YOUR OBJECTIVE >>
Using the data below, print exactly the line with "Lektura 3 Kasaysayan At Panitikan Pdf", the line with "Den Teig zu", and every line between them, but none of the pictures.

RECORDS FOR THE TASK >>
· · · · · · ·
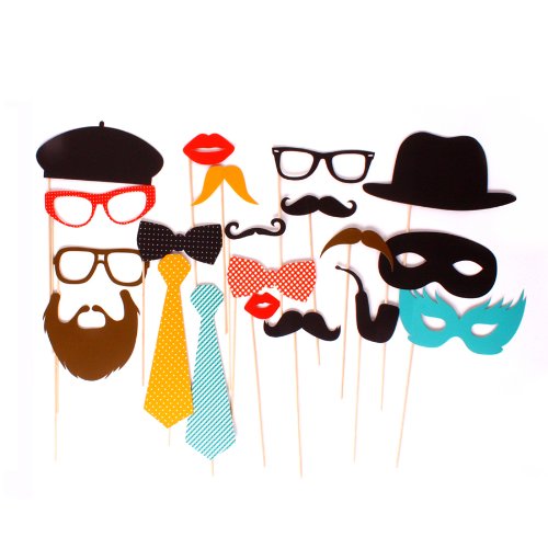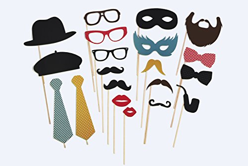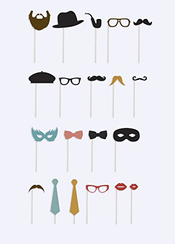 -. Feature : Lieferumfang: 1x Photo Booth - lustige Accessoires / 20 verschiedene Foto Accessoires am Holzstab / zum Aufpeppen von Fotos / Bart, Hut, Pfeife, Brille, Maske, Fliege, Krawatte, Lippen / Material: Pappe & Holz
· · · · · · ·
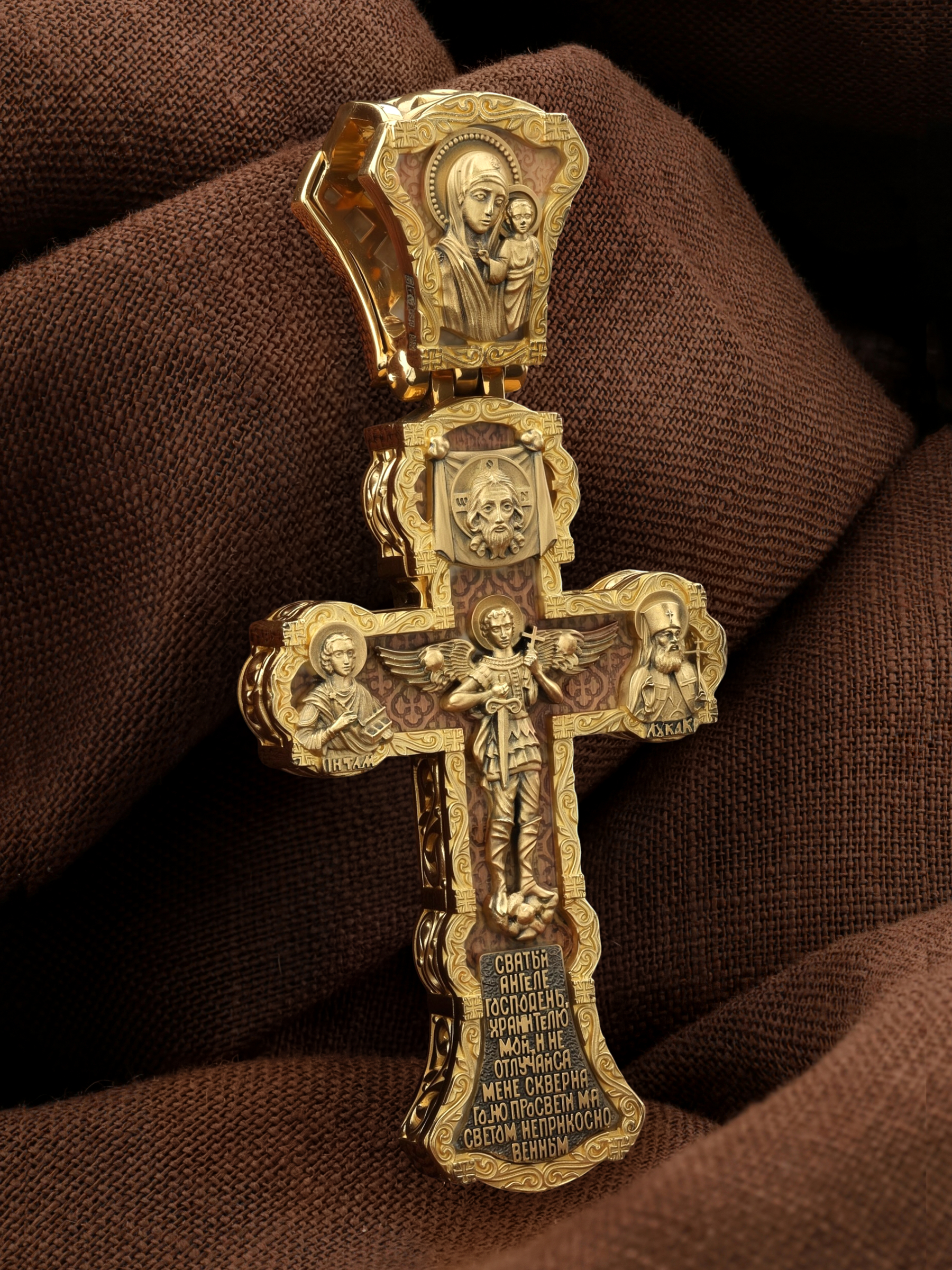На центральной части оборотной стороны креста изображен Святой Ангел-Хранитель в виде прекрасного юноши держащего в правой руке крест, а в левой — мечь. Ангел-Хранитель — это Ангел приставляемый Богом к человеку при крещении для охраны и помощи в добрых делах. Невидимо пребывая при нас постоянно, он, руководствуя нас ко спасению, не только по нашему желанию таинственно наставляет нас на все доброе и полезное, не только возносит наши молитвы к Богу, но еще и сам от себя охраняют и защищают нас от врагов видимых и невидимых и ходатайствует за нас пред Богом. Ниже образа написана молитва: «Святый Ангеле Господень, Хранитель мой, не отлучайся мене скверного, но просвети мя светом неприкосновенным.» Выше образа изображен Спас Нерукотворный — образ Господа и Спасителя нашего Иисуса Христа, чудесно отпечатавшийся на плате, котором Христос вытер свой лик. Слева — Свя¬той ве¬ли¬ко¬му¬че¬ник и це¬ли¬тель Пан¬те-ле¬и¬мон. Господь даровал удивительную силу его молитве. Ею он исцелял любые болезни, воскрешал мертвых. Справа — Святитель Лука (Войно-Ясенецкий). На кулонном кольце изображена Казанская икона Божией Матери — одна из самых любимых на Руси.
· · · · · · ·
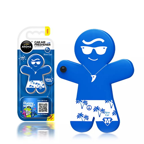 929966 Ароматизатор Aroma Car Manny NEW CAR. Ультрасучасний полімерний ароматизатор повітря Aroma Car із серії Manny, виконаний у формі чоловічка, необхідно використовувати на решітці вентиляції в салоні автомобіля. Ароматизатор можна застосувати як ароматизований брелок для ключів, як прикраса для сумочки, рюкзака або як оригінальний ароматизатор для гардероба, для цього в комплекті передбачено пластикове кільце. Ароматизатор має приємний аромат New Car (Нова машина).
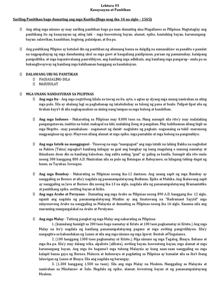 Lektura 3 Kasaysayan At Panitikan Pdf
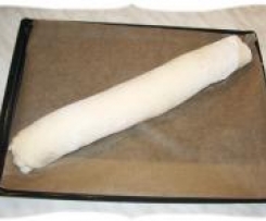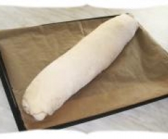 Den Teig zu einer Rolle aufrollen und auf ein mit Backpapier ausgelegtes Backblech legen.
· · · · · · ·
COMPLETED TASK >>
 Lektura 3 Kasaysayan At Panitikan Pdf
 Den Teig zu einer Rolle aufrollen und auf ein mit Backpapier ausgelegtes Backblech legen.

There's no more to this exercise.